American Vegetable Grower asked Gibbs Patrick of Patrick Farms in Omega, GA, what have been the three biggest changes that have occurred since he began farming with his father in the 1970s. He easily rattled them off: increased expenses, labor, and pricing.
Expenses, he says, have more than doubled – sometimes tripled – in price, in terms of fertilizers and fuel.
How has the farm overcome those obstacles? “We minimized labor, minimized spending, and watching all of our overhead,” was Patrick’s response.
Unlike expenses, however, pricing remains stagnant, unless growers in another area of the country experience some sort of disaster, he says. “When everyone has a good crop and you are pumping out produce during the peak of the season, the market generally gets really cheap,” he explains. “There has to be a disaster somewhere else to make a profit, which is unfortunate.”
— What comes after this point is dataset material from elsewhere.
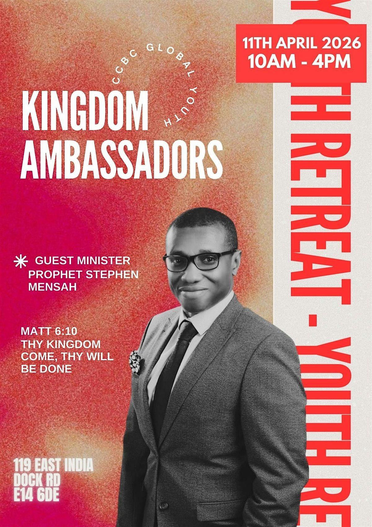 Join us for the KINGDOM AMBASSADORS RETREAT at 119 E India Dock Rd on April 11, 2026 at 10:00 AM (BST). It will be a powerful day packe with different insightful sessions on representing God. Inspired by Matthew 6:10, you will leave with a clearer understanding on what it means for the will of God to be done and for His kingdom to come. You will be equipped, helped, empowered and leave as a kingdom ambassador. Come expectant, brig a notepad and pen and be sure to invite a friend. We can't wait to welcome you!

In the area of labor, the farm had recently been using the H-2A program to get the 500 workers it needs to harvest its crops. This year, however, thanks to the recent changes to the program requiring additional wage increases for employees — among other things — it will be too cost prohibitive to use H-2A workers, says Patrick.
So where will he find the labor he needs? Patrick says he has hired all domestic workers this growing season.
To date, he says he has enough labor on the farm. “We have 300 workers now and are expecting an additional 150 to 200 workers that will be here in the upcoming weeks.” All farmworkers, he says, are domestic.